▸ **Input data**
——————————

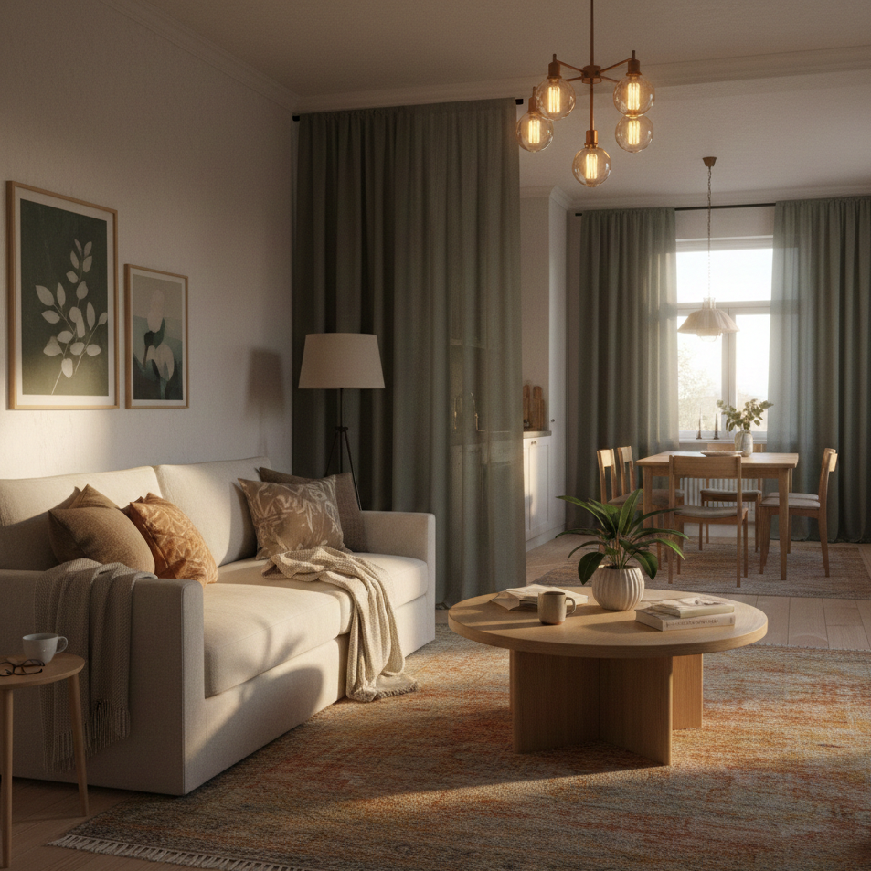 Once we added a few clearer boundaries — nothing dramatic, just a little open shelf with plants to divide the living room and the dining room — evenings felt quieter somehow.
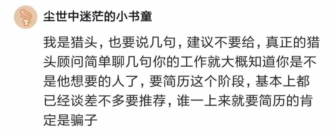 一位猎头说,建议不要给猎头简历,真正的猎头简单聊几句就知道你是不是他想要的人。要简历时基本都是谈得差不多准备推荐了,一上来就要简历的肯定是骗子。
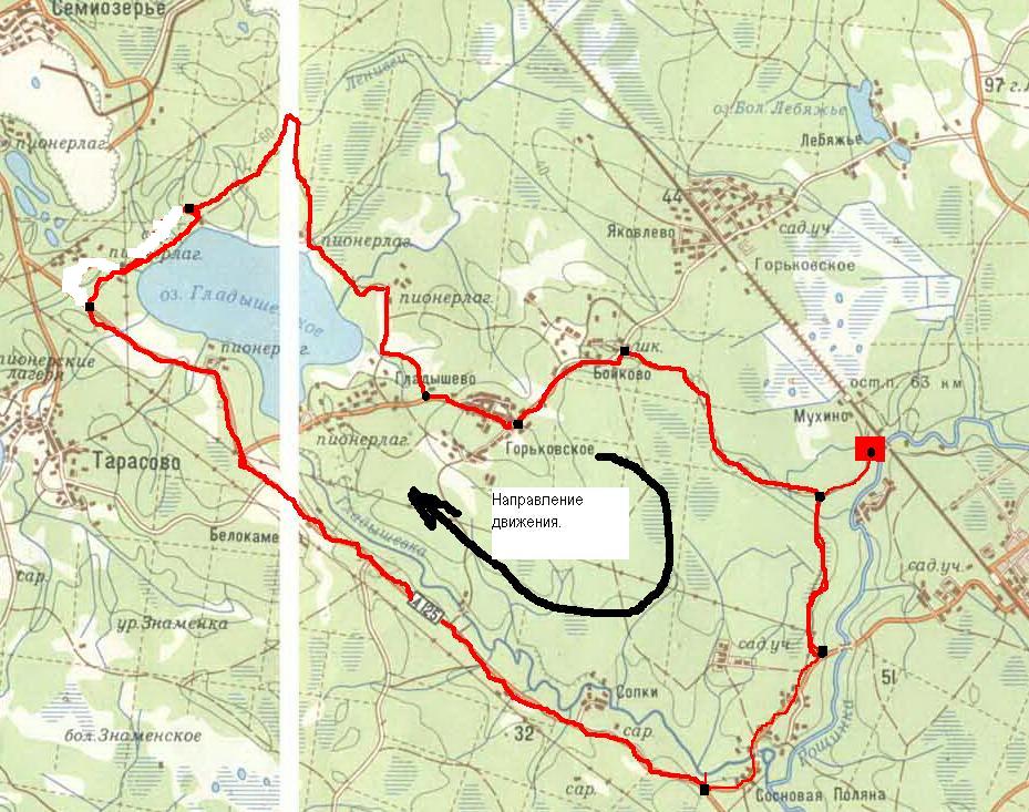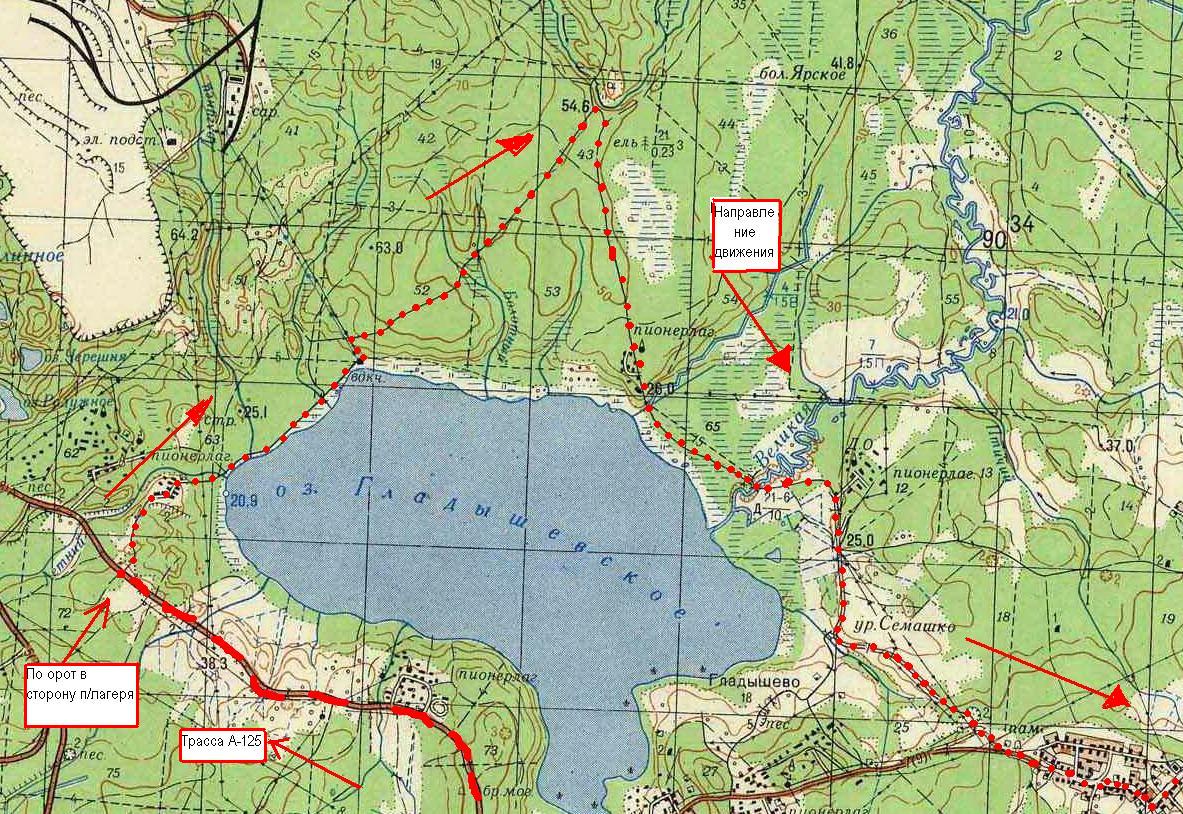 - Далее по проселочной дороге, через пионерлагерь (направление север, северо-восток), по лесной дороге к берегу Гладышевского озера, вдоль берега озера по лесной дороге до водокачки.

——————————

▸ **Problem details**
Set the listing down in full and exactly. Pictures within it should not appear in the copy.

▸ **Written answer**
 Once we added a few clearer boundaries — nothing dramatic, just a little open shelf with plants to divide the living room and the dining room — evenings felt quieter somehow.
 一位猎头说,建议不要给猎头简历,真正的猎头简单聊几句就知道你是不是他想要的人。要简历时基本都是谈得差不多准备推荐了,一上来就要简历的肯定是骗子。
 - Далее по проселочной дороге, через пионерлагерь (направление север, северо-восток), по лесной дороге к берегу Гладышевского озера, вдоль берега озера по лесной дороге до водокачки.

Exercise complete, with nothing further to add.